Литмир - Электронная Библиотека
A
A

"Неужели дерутся?" - подумал я.

Точно! Раздался плач, и младшая девочка вышла из дома, закрывая ручонками лицо. Буквально в следующее мгновение в дверном проеме появилась жена Джилани, которая затащила дочурку в полумрак хаты. Джилани, глядя на все происходящее, только улыбался.

Через пару минут все трое детей, как ни в чем не бывало, гуськом вышли из дома. На этот раз младшая девочка сама подошла ко мне и, протянув гладкую ладошку, быстро затараторила. Бакшишей (подарков) у меня больше не было, и я выразительно похлопал рукой по карману: "Нист" - ничего нету, мол.

После этих слов девочка прижалась к отцу, а остальные дети, потеряв ко мне всякий интерес, продолжили поодаль играться в пыли.

Джилани разлил чай по пиалам, жестом пригласил меня и Абдуллу к импровизированному обеденному столу. Зеленый чай как нельзя кстати пришелся в жаркий день и, смакуя, я пил его мелкими глотками.

Серьезную беседу первым продолжил Абдулла. Вообще, собираясь за чаепитием, афганцы любят посудачить о высоких материях и, уж тем более, о политике в любых её проявлениях. Абдулла в этом плане не был оригинальным разговор повел о складывающейся военно-политической обстановке в стране, о том, что будет с Афганистаном в необозримом будущем, после того, как закончится вторжение "шурави".

- В моем отряде говорят всякое. Одни настаивают на продолжении войны до победного конца, с уничтожением "шурави" и их прихлебателей из числа "малишей"(11) и местных чиновников, засевших в кабинетах казенных домов.

Другие готовы хоть сейчас разойтись по домам. Но бойцы не уверены, что их не перебьют поодиночке после того, как они выпустят из своих рук оружие. Мои "нафары" часто спорят друг с другом, и порой эти споры заканчиваются дракой. Сдерживать их становится все труднее...

Глотнув очередную порцию чая, я ответил Абдулле вопросом:

- А что ты сам думаешь по поводу того, о чем говоришь?

Абдулла, сделал вид, что не расслышал сказанного, задумчиво смотрел куда-то в сторону.
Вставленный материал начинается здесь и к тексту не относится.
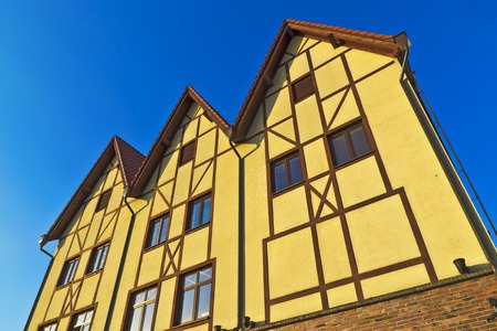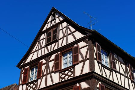 The photograph of the facade of a half-timbered house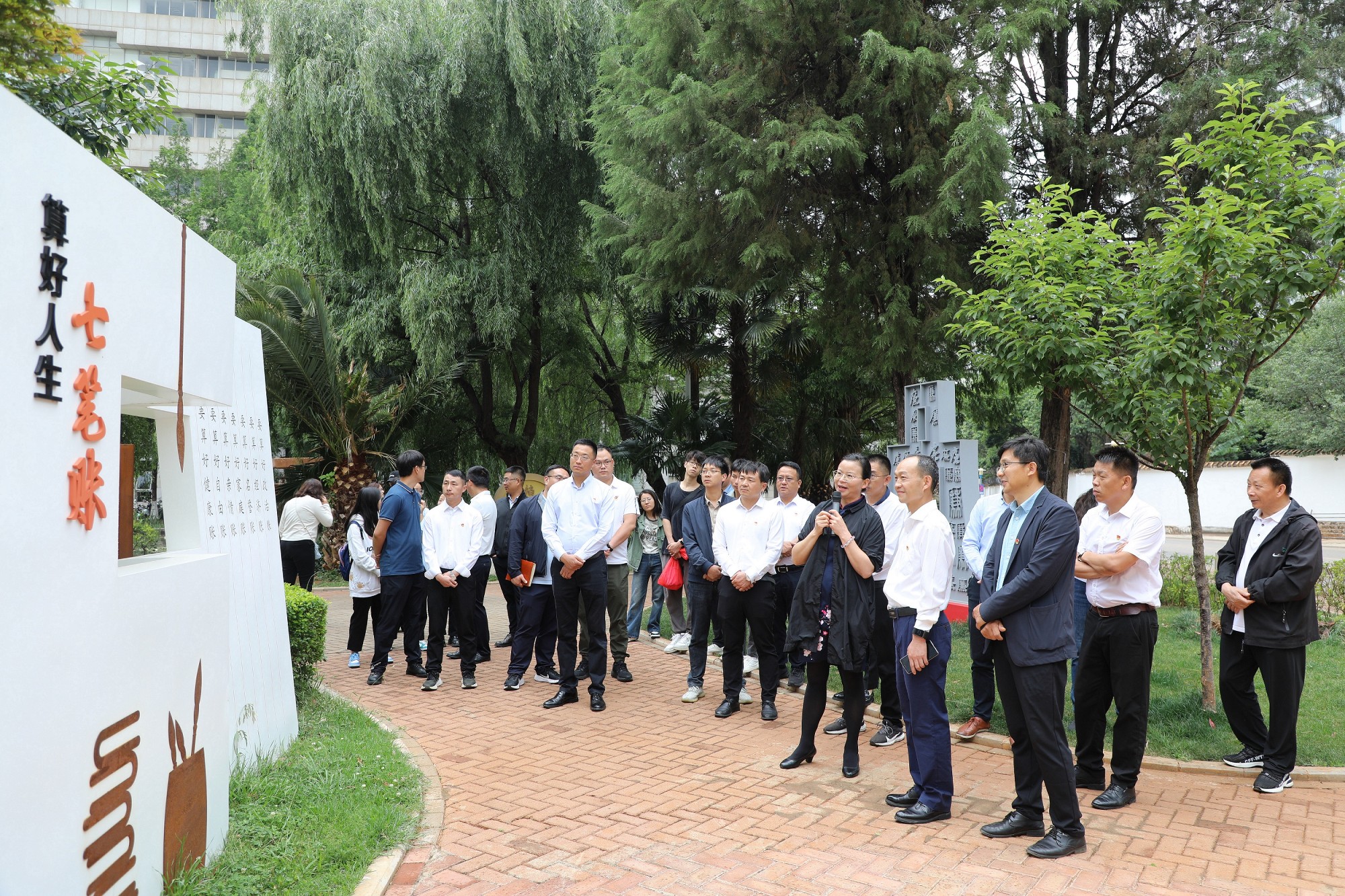 在云南农业大学纪委副书记、纪委办主任杨锐英的带领下,与会人员共同参观了云南农业大学廉洁文化园,仔细聆听了关于“廉”字的演变历程、六廉以及廉吏背后的故事、少数民族廉洁文化、耕读文化的讲解。

- Знаешь, мошавер,(12) я ведь тоже когда-то был членом НДПА.(13) Правда, было это так давно, что я начинаю уже забывать обо всем, что связывало меня с партией и Саурской революцией. Порой даже кажется, что все это было не со мной. До революции я служил в королевской гвардии Захир-Шаха, а потом у Дауда. Успел дослужиться до чина сержанта. Был молод и горяч. Многое в той жизни мне не нравилось, и, как большинство моих сослуживцев, я ратовал за прогрессивное развитие страны. Именно поэтому вступил в ряды НДПА. Правда, уже тогда было непонятно, почему офицеры, вступающие в партию, создавали свою коалицию - "парчам" (знамя) и называли себя "парчамистами", а мы, простые солдаты и сержанты, не могли быть рядом с ними. Мы были чем-то вроде второго сорта, но численно нас всё же было больше. Может быть, поэтому появилось второе крыло нашей партии - "хальк" (народ), а всех нас попросту стали называть "халькистами"...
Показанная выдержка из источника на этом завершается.